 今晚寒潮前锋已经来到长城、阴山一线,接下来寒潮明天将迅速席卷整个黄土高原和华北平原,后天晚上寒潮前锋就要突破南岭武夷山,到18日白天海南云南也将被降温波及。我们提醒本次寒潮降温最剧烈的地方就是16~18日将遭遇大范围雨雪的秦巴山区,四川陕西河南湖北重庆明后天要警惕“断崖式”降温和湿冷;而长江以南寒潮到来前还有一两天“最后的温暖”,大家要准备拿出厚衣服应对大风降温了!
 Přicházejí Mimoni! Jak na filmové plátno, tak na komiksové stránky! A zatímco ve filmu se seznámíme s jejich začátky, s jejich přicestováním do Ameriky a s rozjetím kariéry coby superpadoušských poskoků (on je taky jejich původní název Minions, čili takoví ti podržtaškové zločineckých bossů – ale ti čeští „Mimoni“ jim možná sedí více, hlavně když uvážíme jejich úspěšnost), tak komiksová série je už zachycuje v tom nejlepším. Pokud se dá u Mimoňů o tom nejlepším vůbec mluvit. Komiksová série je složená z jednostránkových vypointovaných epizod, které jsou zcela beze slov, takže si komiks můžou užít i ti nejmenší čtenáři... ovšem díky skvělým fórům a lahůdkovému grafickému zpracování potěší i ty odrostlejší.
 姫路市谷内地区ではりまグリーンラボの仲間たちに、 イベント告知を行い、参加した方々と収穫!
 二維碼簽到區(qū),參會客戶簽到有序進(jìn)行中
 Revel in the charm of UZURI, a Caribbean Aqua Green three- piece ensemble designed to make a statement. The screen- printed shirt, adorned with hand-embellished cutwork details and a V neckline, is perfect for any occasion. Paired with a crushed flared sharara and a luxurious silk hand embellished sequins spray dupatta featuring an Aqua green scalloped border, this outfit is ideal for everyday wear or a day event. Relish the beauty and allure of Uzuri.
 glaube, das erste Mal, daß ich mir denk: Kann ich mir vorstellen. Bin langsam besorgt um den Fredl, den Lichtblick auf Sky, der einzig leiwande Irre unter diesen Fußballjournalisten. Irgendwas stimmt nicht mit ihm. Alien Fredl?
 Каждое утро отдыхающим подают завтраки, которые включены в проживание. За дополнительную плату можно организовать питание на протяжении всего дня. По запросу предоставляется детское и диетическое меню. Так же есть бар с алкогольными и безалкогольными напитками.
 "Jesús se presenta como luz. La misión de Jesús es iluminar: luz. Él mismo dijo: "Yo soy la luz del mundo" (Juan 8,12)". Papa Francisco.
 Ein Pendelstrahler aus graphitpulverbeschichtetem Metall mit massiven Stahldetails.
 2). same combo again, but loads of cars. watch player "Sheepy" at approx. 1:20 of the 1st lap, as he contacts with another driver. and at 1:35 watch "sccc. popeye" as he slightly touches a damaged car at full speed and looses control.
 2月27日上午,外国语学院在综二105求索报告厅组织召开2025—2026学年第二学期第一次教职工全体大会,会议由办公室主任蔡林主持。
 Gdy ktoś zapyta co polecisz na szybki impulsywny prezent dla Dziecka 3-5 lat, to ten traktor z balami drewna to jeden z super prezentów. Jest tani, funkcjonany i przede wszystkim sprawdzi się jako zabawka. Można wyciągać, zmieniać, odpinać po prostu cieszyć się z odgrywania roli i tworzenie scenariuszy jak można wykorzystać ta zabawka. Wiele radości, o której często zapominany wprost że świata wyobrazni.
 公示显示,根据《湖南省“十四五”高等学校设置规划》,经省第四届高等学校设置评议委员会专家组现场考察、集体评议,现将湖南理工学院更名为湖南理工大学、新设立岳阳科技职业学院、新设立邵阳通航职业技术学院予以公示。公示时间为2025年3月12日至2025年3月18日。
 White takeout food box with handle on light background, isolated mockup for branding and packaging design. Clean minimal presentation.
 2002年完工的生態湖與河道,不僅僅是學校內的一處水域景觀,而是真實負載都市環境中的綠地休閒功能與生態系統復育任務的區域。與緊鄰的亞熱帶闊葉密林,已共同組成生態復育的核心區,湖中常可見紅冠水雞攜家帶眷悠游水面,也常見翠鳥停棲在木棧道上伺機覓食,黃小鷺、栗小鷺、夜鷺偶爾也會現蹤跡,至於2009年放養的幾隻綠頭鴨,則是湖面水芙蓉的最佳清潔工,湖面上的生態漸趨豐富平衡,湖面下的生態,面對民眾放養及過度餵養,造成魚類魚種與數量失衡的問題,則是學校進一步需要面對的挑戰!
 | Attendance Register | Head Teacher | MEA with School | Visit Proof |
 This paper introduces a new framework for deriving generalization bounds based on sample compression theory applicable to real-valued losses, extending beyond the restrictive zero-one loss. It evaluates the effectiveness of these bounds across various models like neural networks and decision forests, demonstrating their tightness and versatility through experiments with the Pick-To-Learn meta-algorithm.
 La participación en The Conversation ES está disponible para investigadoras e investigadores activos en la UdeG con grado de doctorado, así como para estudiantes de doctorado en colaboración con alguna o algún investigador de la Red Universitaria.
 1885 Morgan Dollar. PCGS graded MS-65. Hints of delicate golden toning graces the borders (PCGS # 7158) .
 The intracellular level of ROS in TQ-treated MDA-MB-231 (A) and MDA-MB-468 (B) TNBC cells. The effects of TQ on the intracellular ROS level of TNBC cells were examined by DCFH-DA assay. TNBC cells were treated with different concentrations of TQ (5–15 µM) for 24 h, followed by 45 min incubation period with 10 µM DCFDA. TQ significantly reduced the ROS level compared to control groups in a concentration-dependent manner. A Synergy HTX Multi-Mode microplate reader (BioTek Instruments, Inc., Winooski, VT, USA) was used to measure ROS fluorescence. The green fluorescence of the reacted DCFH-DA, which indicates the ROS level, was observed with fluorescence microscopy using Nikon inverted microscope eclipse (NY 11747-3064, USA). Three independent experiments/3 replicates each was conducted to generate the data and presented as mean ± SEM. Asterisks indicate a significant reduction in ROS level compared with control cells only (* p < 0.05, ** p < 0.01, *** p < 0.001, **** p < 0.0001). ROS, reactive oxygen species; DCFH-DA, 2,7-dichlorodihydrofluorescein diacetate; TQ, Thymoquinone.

-.-.-

Work to complete →
When you reach the line with "This paper introduces" in the records above, start writing out lines exactly, and stop once the line with "1885 Morgan Dollar." has been written; include nothing else.

Expected answer →
 This paper introduces a new framework for deriving generalization bounds based on sample compression theory applicable to real-valued losses, extending beyond the restrictive zero-one loss. It evaluates the effectiveness of these bounds across various models like neural networks and decision forests, demonstrating their tightness and versatility through experiments with the Pick-To-Learn meta-algorithm.
 La participación en The Conversation ES está disponible para investigadoras e investigadores activos en la UdeG con grado de doctorado, así como para estudiantes de doctorado en colaboración con alguna o algún investigador de la Red Universitaria.
 1885 Morgan Dollar. PCGS graded MS-65. Hints of delicate golden toning graces the borders (PCGS # 7158) .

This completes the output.